INPUT DATA
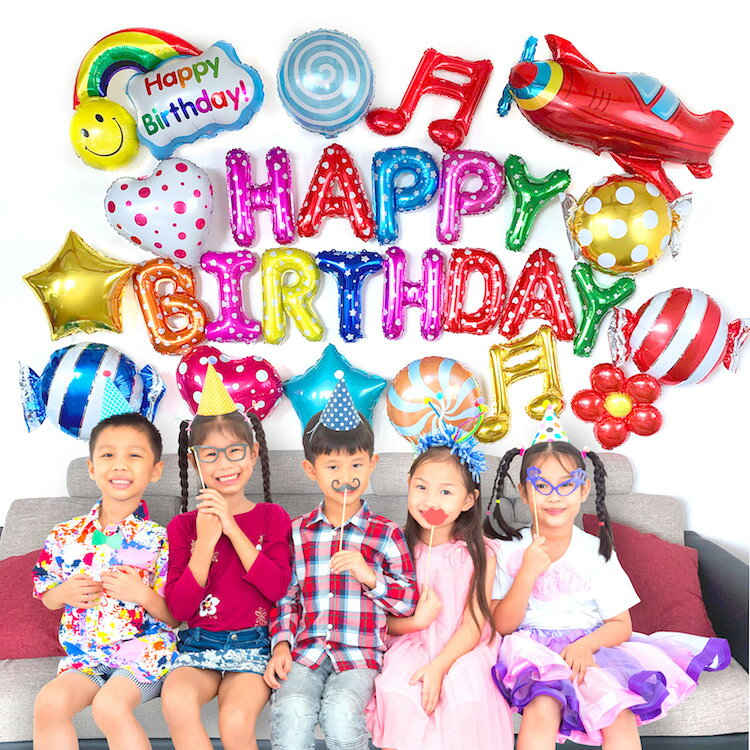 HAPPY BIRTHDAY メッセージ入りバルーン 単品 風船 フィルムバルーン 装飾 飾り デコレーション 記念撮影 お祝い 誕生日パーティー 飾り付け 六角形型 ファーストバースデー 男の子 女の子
* * *
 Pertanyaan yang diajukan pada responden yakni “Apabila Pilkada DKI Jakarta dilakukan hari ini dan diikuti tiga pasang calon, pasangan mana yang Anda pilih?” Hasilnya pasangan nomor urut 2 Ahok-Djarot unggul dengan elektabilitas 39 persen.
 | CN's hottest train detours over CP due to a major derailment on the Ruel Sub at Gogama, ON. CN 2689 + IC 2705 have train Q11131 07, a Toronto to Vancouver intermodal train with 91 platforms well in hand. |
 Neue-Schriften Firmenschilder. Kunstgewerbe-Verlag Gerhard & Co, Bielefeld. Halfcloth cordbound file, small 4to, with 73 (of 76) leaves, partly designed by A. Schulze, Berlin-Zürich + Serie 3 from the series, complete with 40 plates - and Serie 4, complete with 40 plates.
...
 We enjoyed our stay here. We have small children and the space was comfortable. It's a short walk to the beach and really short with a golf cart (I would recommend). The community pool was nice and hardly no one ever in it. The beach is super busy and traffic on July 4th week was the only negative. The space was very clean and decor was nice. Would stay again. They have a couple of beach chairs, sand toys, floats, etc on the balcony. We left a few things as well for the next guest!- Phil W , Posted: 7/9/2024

WORK INSTRUCTION
Above are the records; copy exactly the lines from the line with "well in hand. |" through the line with "Neue-Schriften Firmenschilder. Kunstgewerbe-Verlag", both included.

OUTPUT OF THE TASK
 | CN's hottest train detours over CP due to a major derailment on the Ruel Sub at Gogama, ON. CN 2689 + IC 2705 have train Q11131 07, a Toronto to Vancouver intermodal train with 91 platforms well in hand. |
 Neue-Schriften Firmenschilder. Kunstgewerbe-Verlag Gerhard & Co, Bielefeld. Halfcloth cordbound file, small 4to, with 73 (of 76) leaves, partly designed by A. Schulze, Berlin-Zürich + Serie 3 from the series, complete with 40 plates - and Serie 4, complete with 40 plates.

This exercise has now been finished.